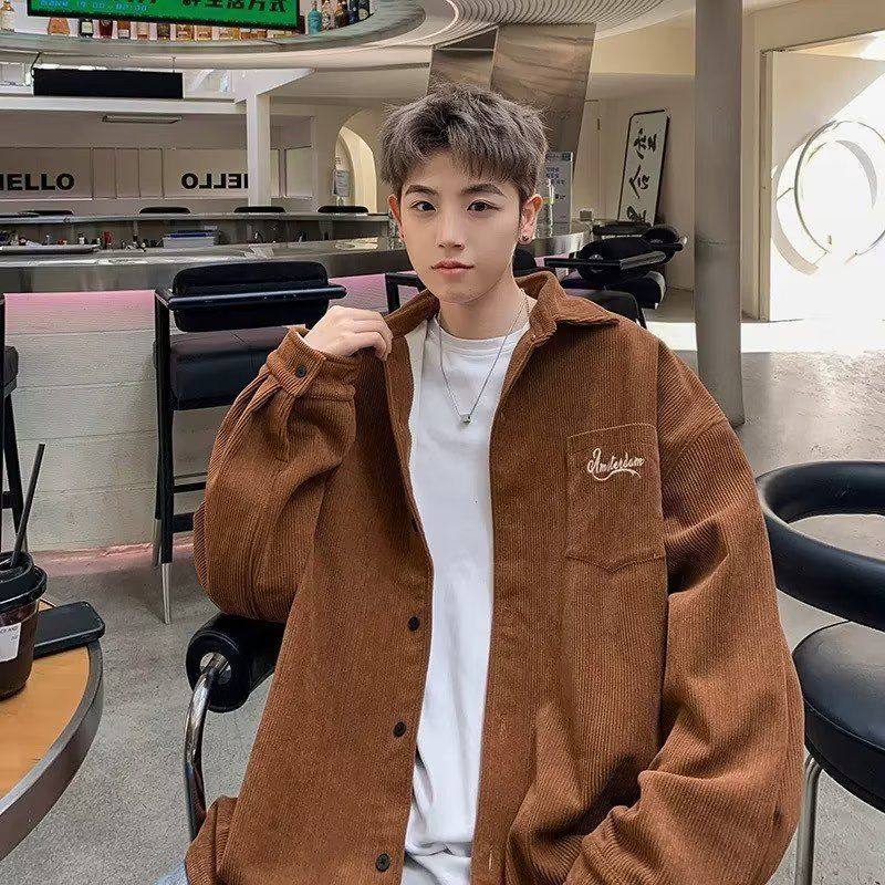 美式灯芯绒衬衫外套男春秋季潮牌夹克宽松复古韩版潮流情侣款褂子
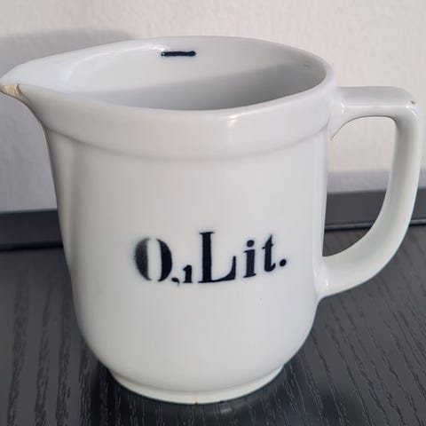 Myydään Arabian mittakannu 1L yläreunasta pala lohjennut, 5e
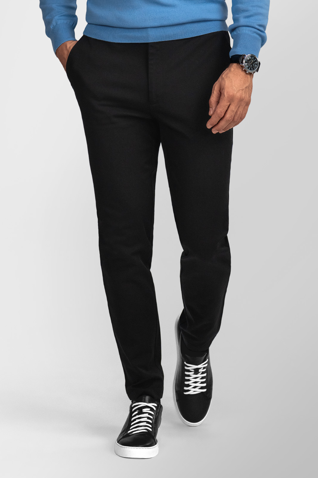 Kombinace bavlny, modalu a elastanu zajišťuje dokonalou prodyšnost, měkkost a příjemnou pružnost, díky čemuž vám kalhoty poskytnou maximální komfort během celého dne. Černé chinos nabízejí univerzální elegantní vzhled, který snadno zkombinujete s formálními i volnočasovými kousky.
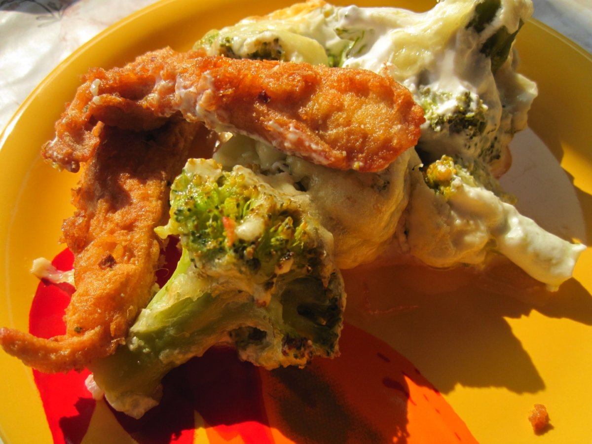 Cat timp brocoli-ul este la cuptor preparam pieptul de pui pane. Se bat ouale foarte bine, se adauga 2 linguri de faina si se potriveste de sare si piper. Fasiile din piepul de pui se dau prin faina, prin compozitia de oua si se pun la prajit in uleiul incins pe ambele parti.
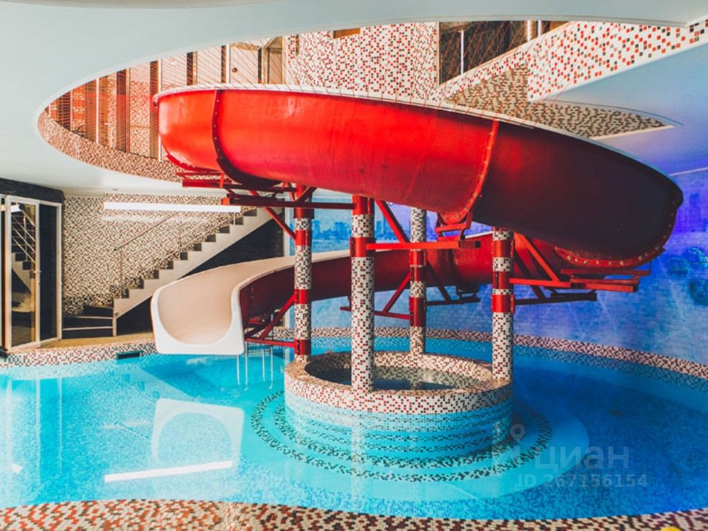 Первый этаж: банкетный зал 80м² совмещенный с зоной для барбекю 40м² на 25 человек; бильярдная комната с танцполом и, который оборудован высококачественными светомузыкой и отличной акустикой(900 Вт), есть караоке. Зона отдыха - настоящее развлечение для Вас и Ваших гостей! Большой теплый бассейн с джакузи в любое время года (100м²) сделан восьмеркой часть которого находится в доме, часть на улице и самое интересное ВОДНАЯ ГОРКА со второго этажа 8 метров, как в настоящем аквапарке, а в центре горки - тёплое джакузи!
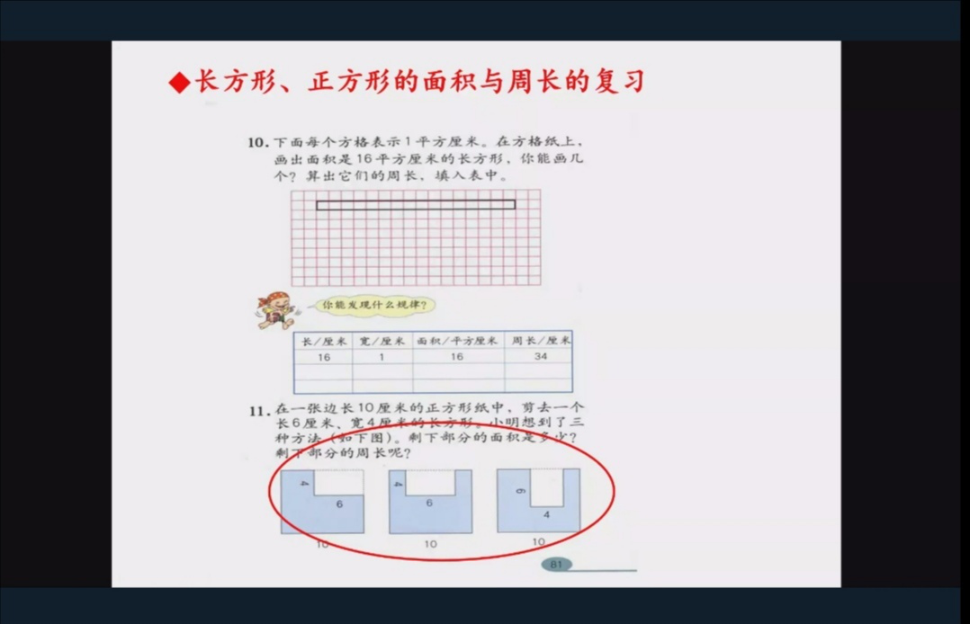 其次,张老师以《长方形、正方形的面积与周长》复习课为例,指出在习题教学中一般是独立思考、汇报交流、归纳概括、巩固练习四个环节,如在本节课中以一般的长方形为例求周长和面积过渡到不规则图形的周长和面积,引发学生的独立思考,以学生的计算为素材进行归纳概括,培养学生的空间观念。另外,张老师指出在复习课中也可以按照先练后理,先理后练,边练边理的顺序进行教学。
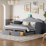 Upholstered Daybed With Cloud-Shaped Backrest, Trundle & 2 Drawers And USB Ports
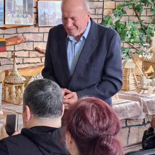 Drožėją sveikino Neįgaliųjų draugijos pirmininkas Algis Veikšys, Kriaunų bendruomenės atstovai, Neįgaliųjų draugijos moterų vokalinis ansamblis.
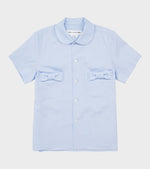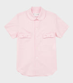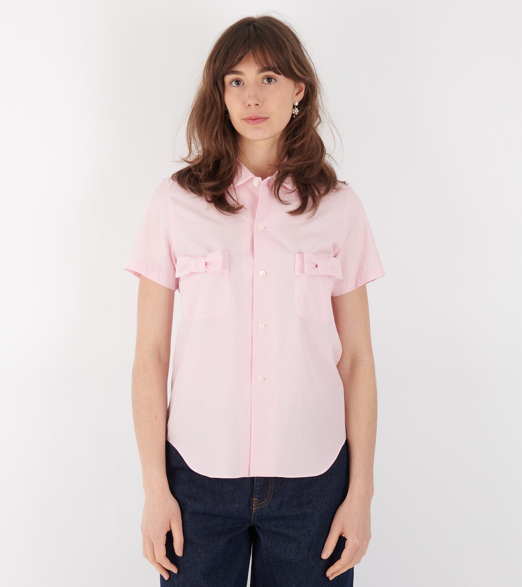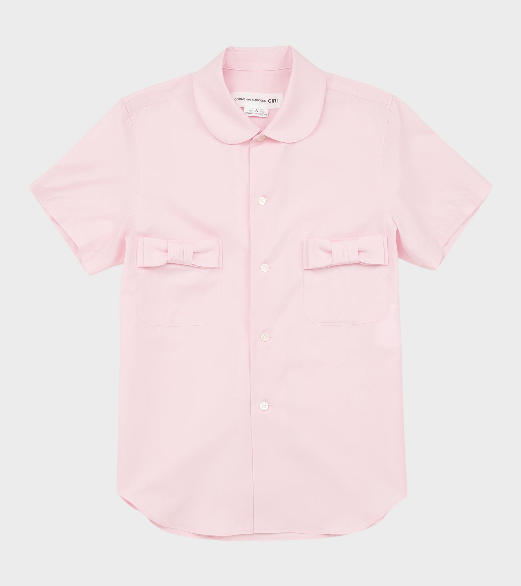 Lyserød kortærmet skjorte med sløjfedetaljer fra Comme des Garcons Girl.
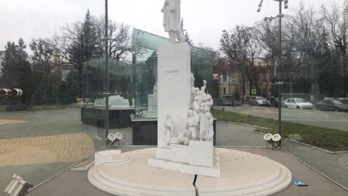 Под миниатюрной копией памятника Тарасу Шевченко на площади Архитекторов треснуло основание.
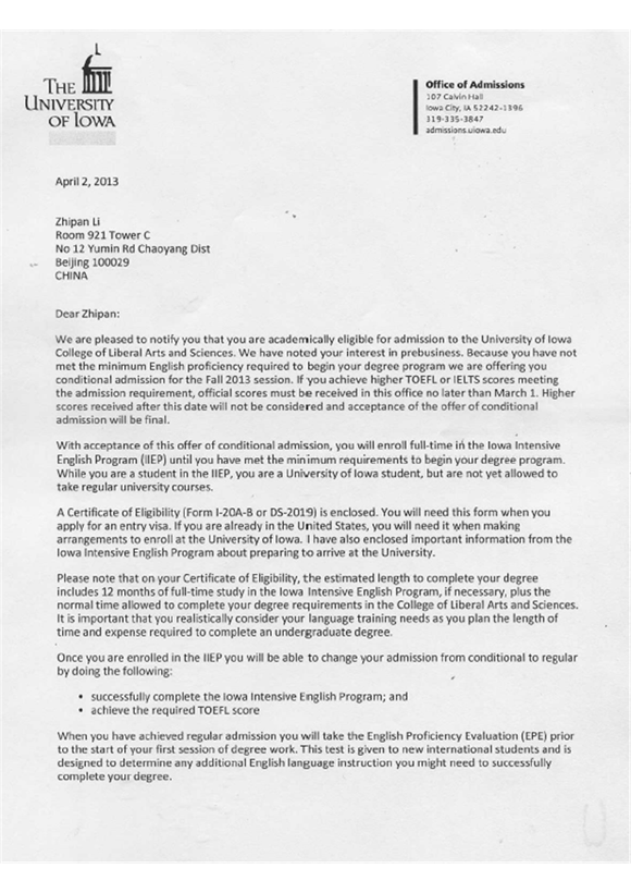 李智攀同学是我项目2012级学生,经过她在对外经贸大学信息学院出国留学预科班一年的刻苦努力,收获了美国爱荷华大学OFFER。
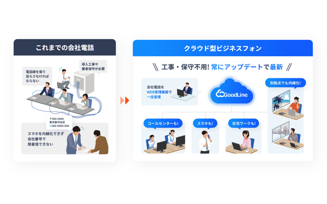 弊社は2012年に創業、2014年に法人化しました。当初から、企業の電話が設備や業界慣習に縛られていることに課題意識を持ち、クラウドPBXを中核とする電話サービスの提供に挑戦してきました。企業の電話はリースや償却を前提とした設備投資であり、運用は業者任せになる構造が一般的なため、新しい仕組みを能動的に知る機会がなく、課題があっても変更できない状況でした。そうした中でも業務や働き方の変化を見据え事業を継続し、転換点となったのはコロナ禍です。出社できない環境の中で、場所に縛られない電話の価値が広く認識され、導入企業が拡大しました。現在は運用実績を重ね、企業活動の基盤を支える存在として事業を担っています。
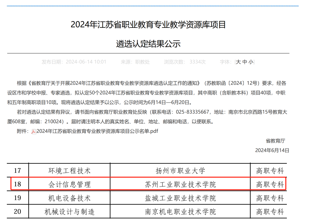 近日,江蘇省教育廳發布《2024年江蘇省職業教育專業教學資源庫項目遴選認定結果公示》,認定50個2024年江蘇省職業教育專業教學資源庫項目,其中高職(含職教本科)項目40項。我校經濟管理學院的“會計信息管理專業教學資源庫”獲批立項建設。
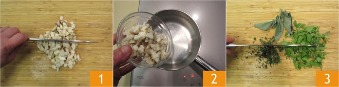 Um das Hähnchen mit Speck und Bierkartoffeln zuzubereiten, hacken Sie zuerst den Speck 1. Lassen Sie ihn in einem kleinen Topf schmelzen 2. In der Zwischenzeit hacken Sie fein Salbei und Majoran 3.
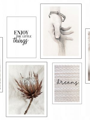 KOMPLET Galeria 6szt Plakaty BEZ RAMY KPMA 382 Oferujemy Państwu wyjątkową propozycję: KOMPLET 6 sztuk obrazów BEZ RAM. Jest to komplet plakatów bez ramek, który został idealnie skomponowany pod względem graficznym, kolorystycznym i rozmiarami – tak, aby doskonale prezentował się na ścianie, jako galeria. Aukcja dotyczy 6 sztuk plakatów bez ram, w następujących rozmiarach: 4x obraz 30×40…
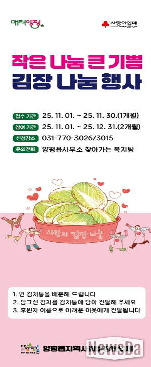 뉴스다 최광묵 기자 | 양평군 양평읍은 11월 1일부터 12월 31일까지 두 달간 ‘작은 나눔, 큰 기쁨 김장 나눔 사업’을 추진하며, 관내 취약계층 이웃들에게 정성 가득한 김장김치를 전달한다고 밝혔다.
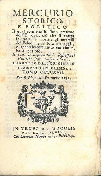 Mercurio storico e politico il quale contiene lo stato presente dell'Europa; ciò che si tratta in tutte le corti; gl'interessi de' Principi; li loro manegi, e generalmente tutto ciò che vi ha di curioso. Il tutto accompagnato da riflessioni politiche sop
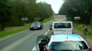 Um motorista de caminhão na Polônia intervém quando vê alguém joga lixo de uma janela do carro.
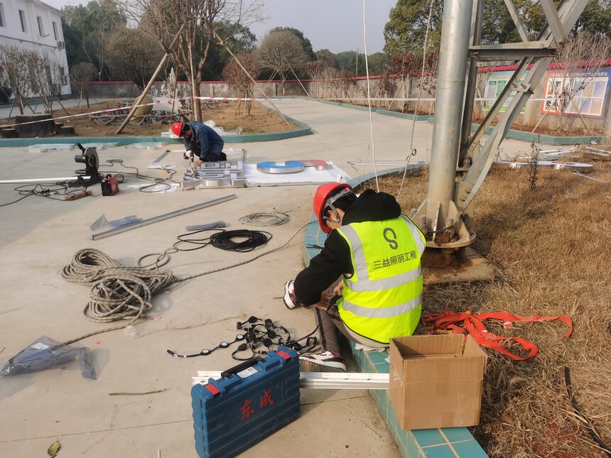 本次施式歷時(shí)20天,施工包括:鐵塔全彩燈光亮化,鐵塔園形網(wǎng)格屏,塔頂?shù)貥?biāo)光束燈。含強(qiáng)電施工、弱電施工、外墻燈具施工。
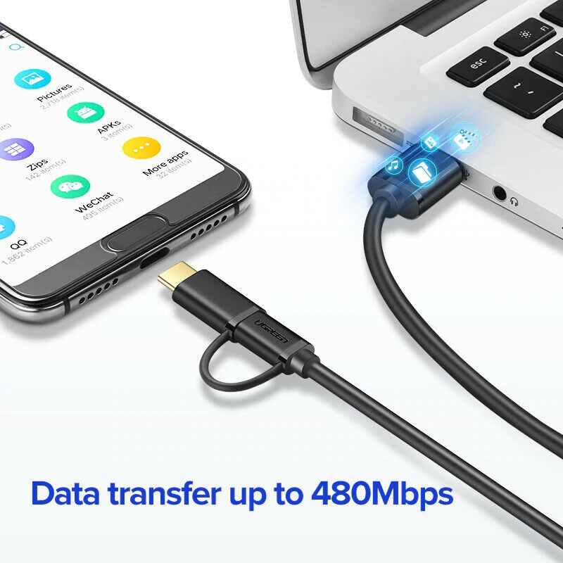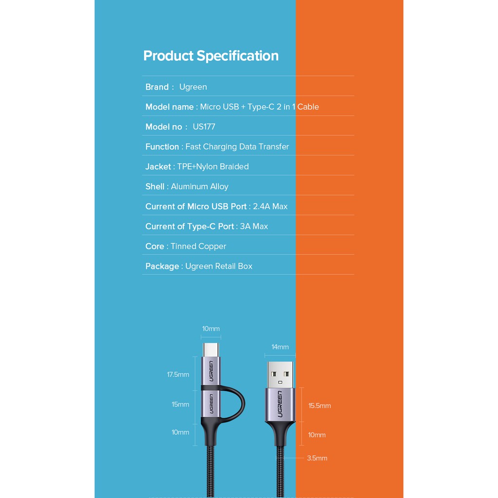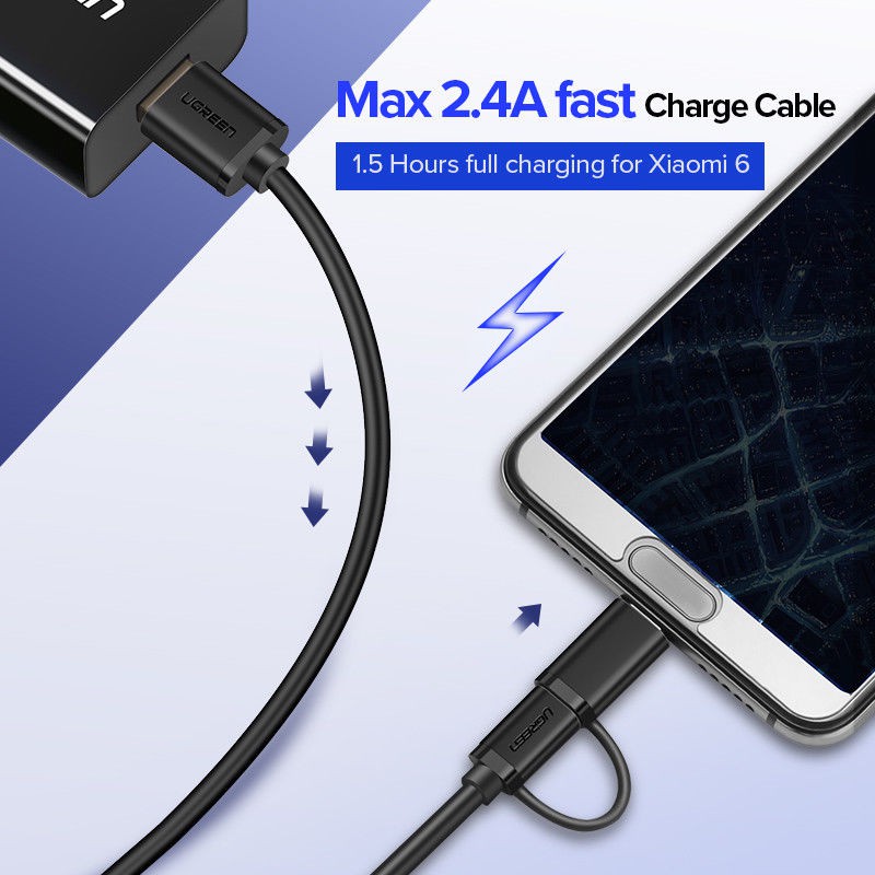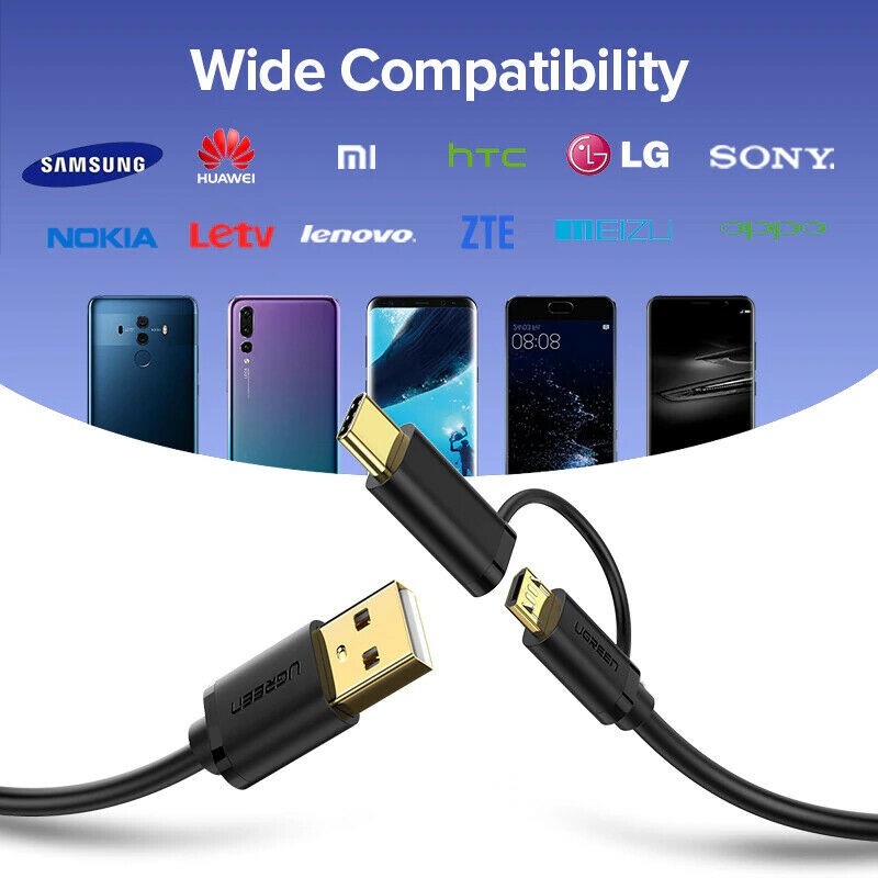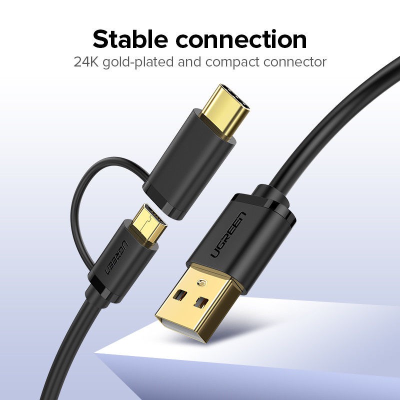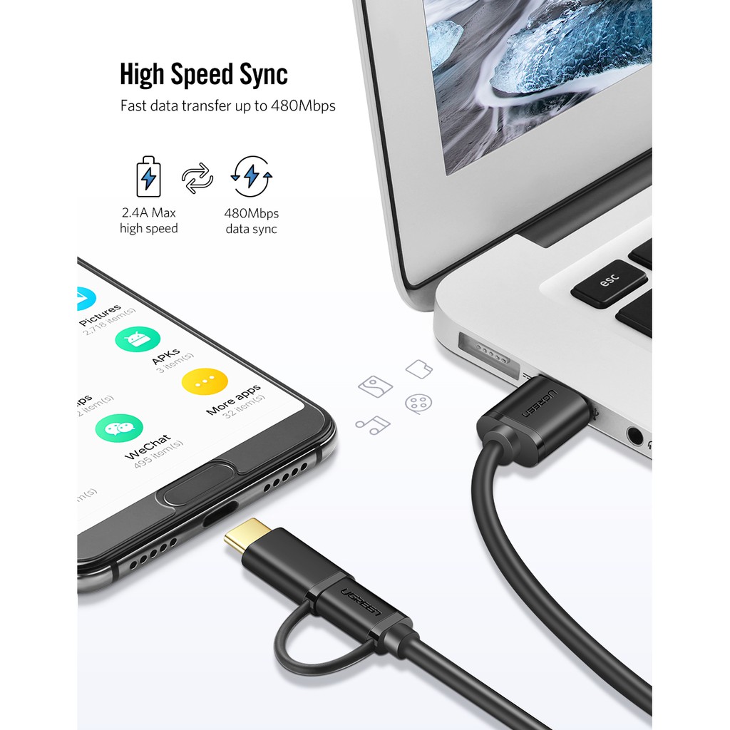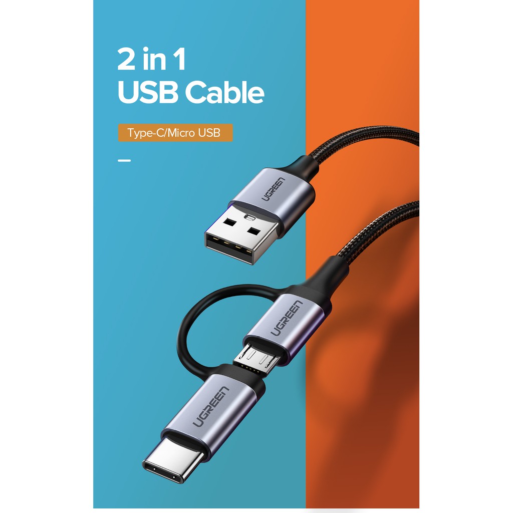 UGREEN (US142,US177) 2 in 1 Micro USB Type C Data Charging Cable For for M.acBook, Samsung, Micro and Type C Smartphone

▶ WORK INSTRUCTION: Starting with the line that has "李智攀同学是我项目2012级" and going on through the line that has "Um das Hähnchen", transcribe the records above exactly, but skip the pictures.

▶ FINAL ANSWER:
 李智攀同学是我项目2012级学生,经过她在对外经贸大学信息学院出国留学预科班一年的刻苦努力,收获了美国爱荷华大学OFFER。
 弊社は2012年に創業、2014年に法人化しました。当初から、企業の電話が設備や業界慣習に縛られていることに課題意識を持ち、クラウドPBXを中核とする電話サービスの提供に挑戦してきました。企業の電話はリースや償却を前提とした設備投資であり、運用は業者任せになる構造が一般的なため、新しい仕組みを能動的に知る機会がなく、課題があっても変更できない状況でした。そうした中でも業務や働き方の変化を見据え事業を継続し、転換点となったのはコロナ禍です。出社できない環境の中で、場所に縛られない電話の価値が広く認識され、導入企業が拡大しました。現在は運用実績を重ね、企業活動の基盤を支える存在として事業を担っています。
 近日,江蘇省教育廳發布《2024年江蘇省職業教育專業教學資源庫項目遴選認定結果公示》,認定50個2024年江蘇省職業教育專業教學資源庫項目,其中高職(含職教本科)項目40項。我校經濟管理學院的“會計信息管理專業教學資源庫”獲批立項建設。
 Um das Hähnchen mit Speck und Bierkartoffeln zuzubereiten, hacken Sie zuerst den Speck 1. Lassen Sie ihn in einem kleinen Topf schmelzen 2. In der Zwischenzeit hacken Sie fein Salbei und Majoran 3.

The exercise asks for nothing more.